I am once again asking a R/dataframe-related question. Recently, I have started implementing the merge() function, but I need help with merging some of the identical columns after merging different similar data frames together.
library(dplyr)
library(tidyr)
library(stringr)
DF1 = data.frame(ID=c("A","B","C"), TagNo=c(10,20,20),Info=c("Metal","Plastic","Wood"))
DF2 = data.frame(ID=c("A","D","E"), TagNo=c(10,30,100),Info=c("Wood","Metal","Wood"))
DF3 = data.frame(ID=c("B","C","F"), TagNo=c(20,20,40),Info=c("Glass","Metal","Wood"))
dfmerge <- merge(DF1,DF2,by="ID",all.x=TRUE, all.y=TRUE)
dfmerge <- merge(dfmerge,DF3,by="ID",all.x=TRUE, all.y=TRUE)

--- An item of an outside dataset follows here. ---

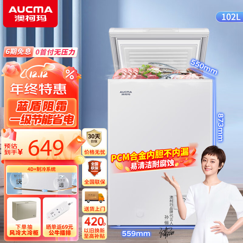 澳柯玛(AUCMA)102升低霜家用商用小冷柜 冷藏冷冻转换两用冰柜 一级能效母婴母乳小冰箱小型租房用小型冰柜 BC/BD-102NE价格:649.00元!
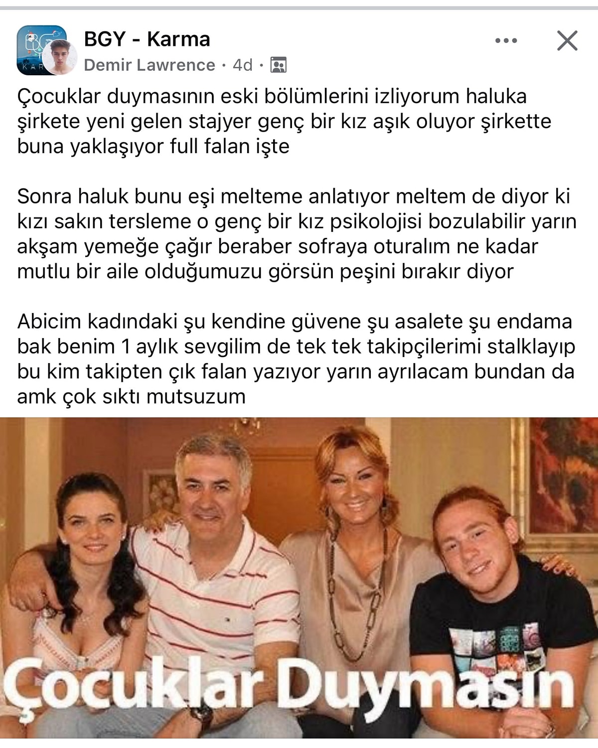 2011 yılında yayınlanmış Çocuklar Duymasın dizisinde Meltem'deki medeniyete bakar mısınız. Meltem gibi çağdaş insanlar hep yurt dışına kaçtı gitti şuanda ülkede Meltem'in yaptığını algılayabilecek insan bile yok. Bu kadar kötü durumdayız. Ülkedeki toplumsal çürüme ve gerileme her alanda hissediliyor.

The resulting merged dataframe looks like this:
ID | TagNo | Info.x | TagNo.y | Info.y | TagNo | Info |
---|---|---|---|---|---|---|
A | 10 | Metal | 10 | Wood | NA | NA |
B | 20 | Plastic | NA | NA | 50 | Glass |
C | 20 | Wood | NA | NA | 20 | Metal |
D | NA | NA | 30 | Metal | NA | NA |
E | NA | NA | 100 | Wood | NA | NA |
F | NA | NA | NA | NA | 40 | Wood |
I essentially want to condense the TagNo columns into just one Tag column. To highlight something important. Each sample has at least 1 TagNo, and if it has more than 1, it will always be the same. I don't ever have to worry about them being different.
This is the result I need:
ID | TagNo.x | Info.x | Info.y | Info |
---|---|---|---|---|
A | 10 | Metal | Wood | NA |
B | 20 | Plastic | NA | Glass |
C | 20 | Wood | NA | Metal |
D | 30 | NA | Metal | NA |
E | 100 | NA | Wood | NA |
F | 40 | NA | NA | Wood |
Does anyone know how to approach this problem? I appreciate any help. [Column headers aren't a big issue as I can simply fix that after with colnames(dfmerge) <- ...